-- Supplied entries follows --

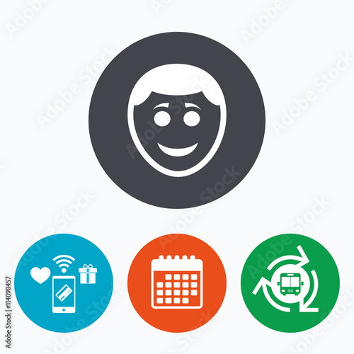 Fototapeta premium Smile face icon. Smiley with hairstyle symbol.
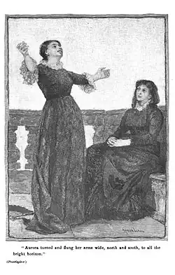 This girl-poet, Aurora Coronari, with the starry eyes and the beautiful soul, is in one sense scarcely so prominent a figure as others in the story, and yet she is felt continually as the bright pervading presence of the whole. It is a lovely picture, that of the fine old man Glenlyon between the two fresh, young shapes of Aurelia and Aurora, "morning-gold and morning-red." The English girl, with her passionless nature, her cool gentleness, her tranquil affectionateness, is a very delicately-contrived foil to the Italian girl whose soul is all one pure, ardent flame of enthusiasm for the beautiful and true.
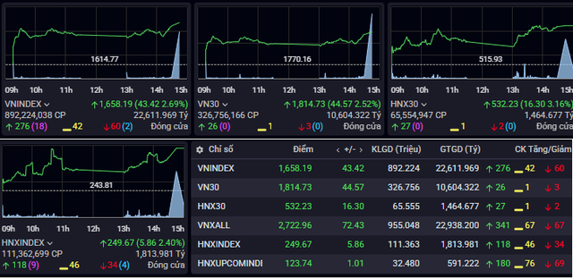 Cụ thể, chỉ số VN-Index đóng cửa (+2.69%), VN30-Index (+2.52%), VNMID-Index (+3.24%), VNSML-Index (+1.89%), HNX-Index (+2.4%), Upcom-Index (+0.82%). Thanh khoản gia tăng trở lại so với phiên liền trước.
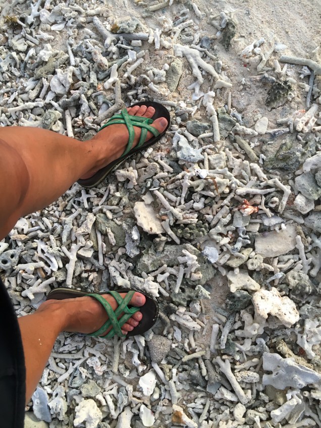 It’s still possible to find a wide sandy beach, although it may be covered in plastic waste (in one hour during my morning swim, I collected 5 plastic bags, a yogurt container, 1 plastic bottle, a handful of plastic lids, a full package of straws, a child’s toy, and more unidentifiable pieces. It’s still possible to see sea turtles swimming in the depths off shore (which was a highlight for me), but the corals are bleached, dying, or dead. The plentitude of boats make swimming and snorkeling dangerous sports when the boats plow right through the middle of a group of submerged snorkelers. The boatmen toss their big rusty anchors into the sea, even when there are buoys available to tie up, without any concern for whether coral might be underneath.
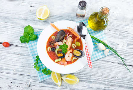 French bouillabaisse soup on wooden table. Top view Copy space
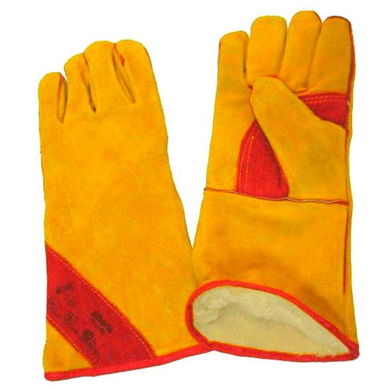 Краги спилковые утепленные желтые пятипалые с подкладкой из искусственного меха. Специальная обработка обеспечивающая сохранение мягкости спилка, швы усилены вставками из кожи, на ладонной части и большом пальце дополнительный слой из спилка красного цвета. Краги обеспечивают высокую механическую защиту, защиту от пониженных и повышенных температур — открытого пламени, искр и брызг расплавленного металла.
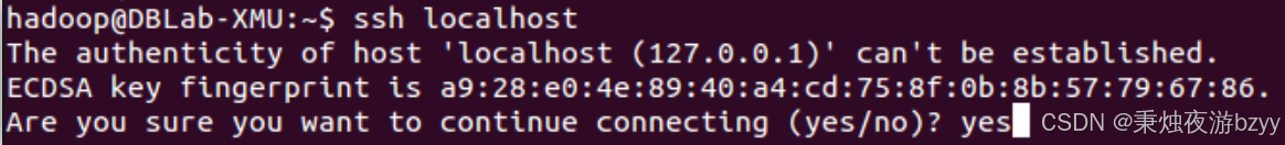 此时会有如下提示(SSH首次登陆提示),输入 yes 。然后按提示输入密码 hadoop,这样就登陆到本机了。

-- Supplied entries concluded --

Any pictures above are to be left out. Retype the rest of the records exactly.

 Fototapeta premium Smile face icon. Smiley with hairstyle symbol.
 This girl-poet, Aurora Coronari, with the starry eyes and the beautiful soul, is in one sense scarcely so prominent a figure as others in the story, and yet she is felt continually as the bright pervading presence of the whole. It is a lovely picture, that of the fine old man Glenlyon between the two fresh, young shapes of Aurelia and Aurora, "morning-gold and morning-red." The English girl, with her passionless nature, her cool gentleness, her tranquil affectionateness, is a very delicately-contrived foil to the Italian girl whose soul is all one pure, ardent flame of enthusiasm for the beautiful and true.
 Cụ thể, chỉ số VN-Index đóng cửa (+2.69%), VN30-Index (+2.52%), VNMID-Index (+3.24%), VNSML-Index (+1.89%), HNX-Index (+2.4%), Upcom-Index (+0.82%). Thanh khoản gia tăng trở lại so với phiên liền trước.
 It’s still possible to find a wide sandy beach, although it may be covered in plastic waste (in one hour during my morning swim, I collected 5 plastic bags, a yogurt container, 1 plastic bottle, a handful of plastic lids, a full package of straws, a child’s toy, and more unidentifiable pieces. It’s still possible to see sea turtles swimming in the depths off shore (which was a highlight for me), but the corals are bleached, dying, or dead. The plentitude of boats make swimming and snorkeling dangerous sports when the boats plow right through the middle of a group of submerged snorkelers. The boatmen toss their big rusty anchors into the sea, even when there are buoys available to tie up, without any concern for whether coral might be underneath.
 French bouillabaisse soup on wooden table. Top view Copy space
 Краги спилковые утепленные желтые пятипалые с подкладкой из искусственного меха. Специальная обработка обеспечивающая сохранение мягкости спилка, швы усилены вставками из кожи, на ладонной части и большом пальце дополнительный слой из спилка красного цвета. Краги обеспечивают высокую механическую защиту, защиту от пониженных и повышенных температур — открытого пламени, искр и брызг расплавленного металла.
 此时会有如下提示(SSH首次登陆提示),输入 yes 。然后按提示输入密码 hadoop,这样就登陆到本机了。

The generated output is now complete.